The Soufan Group Morning Brief


A 22-year-old off-duty Turkish policeman shot and killed Russia’s ambassador to Turkey at an art exhibit in Ankara on Monday, in a bloody attack that was caught on video and replayed on news and social media sites throughout the day. The assailant yelled, “Don’t forget Aleppo, don’t forget Syria,” and “Those who have a part in this atrocity will all pay for it, one by one,” shortly after he shot the envoy, Andrey Karlov, in the back. The gunman was later gunned down by security forces and members of his family have been taken into custody. Turkish President Recep Tayyip Erdogan condemned the killing and said that it wouldn’t derail efforts to stop the bloodshed in Syria. The Turkish and Russian presidents, who spoke shortly after the assassination, both declared the attack a provocation aimed at harming Turkish-Russian relations and vowed to jointly crack down on terrorism.
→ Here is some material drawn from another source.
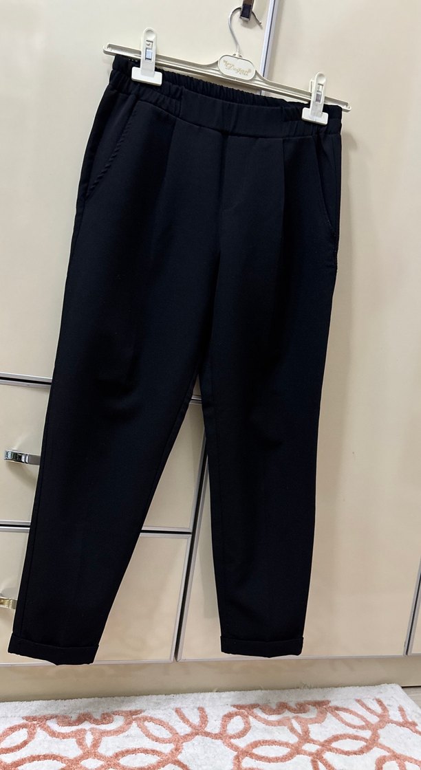 Siyah, pilili ve yan cepli kadın kumaş pantolon. Normal boy ve regular fit, ofis kullanımı için uygun, sentetik kumaştan üretilmiştir.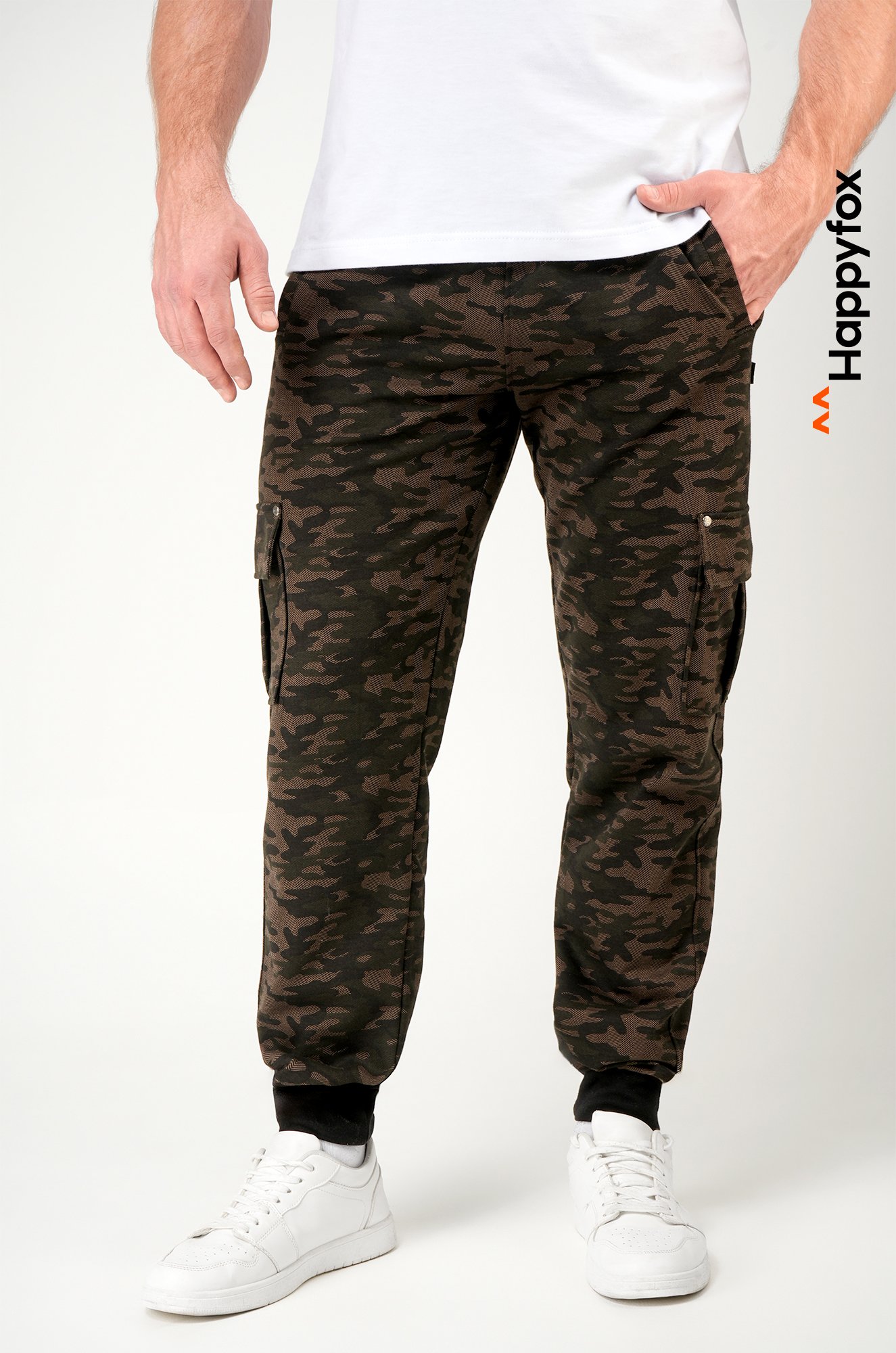 Камуфляжные брюки джоггеры — отличное решение для любителей охоты, рыбалки и туризма. Благодаря добавлению полиэстера мужские брюки из футера двухнитки мягкие и прочные, что делает их идеальным выбором для дачи и активного отдыха на природе. Трикотажные спортивные штаны выполнены в защитном цвете хаки с рисунком в стиле милитари.

Wall Street Journal, Bloomberg, New York Times

Just hours after the Russian envoy was killed, the U.S. closed its three main missions in Turkey on Tuesday after a Turkish man fired shots outside its embassy in Ankara. Wall Street Journal
Foreign Policy: Five Things to Worry About After the Assassination of Russia’s Ambassador to Turkey
Washington Post: The Assassination of Russia’s Ambassador in Turkey Creates a Crisis for Erdogan
New York Times: Turkey, Russia, and an Assassination -- The Swirling Crises, Explained

In what German authorities were calling a deliberate terrorist attack, a man plowed a large truck into pedestrians at a popular Christmas market in central Berlin on Monday, killing at least 12 people and wounding 48. The nature of the attack immediately invoked the attack in Nice, France, on Bastille Day this year, when a lorry driver killed more than 80 people.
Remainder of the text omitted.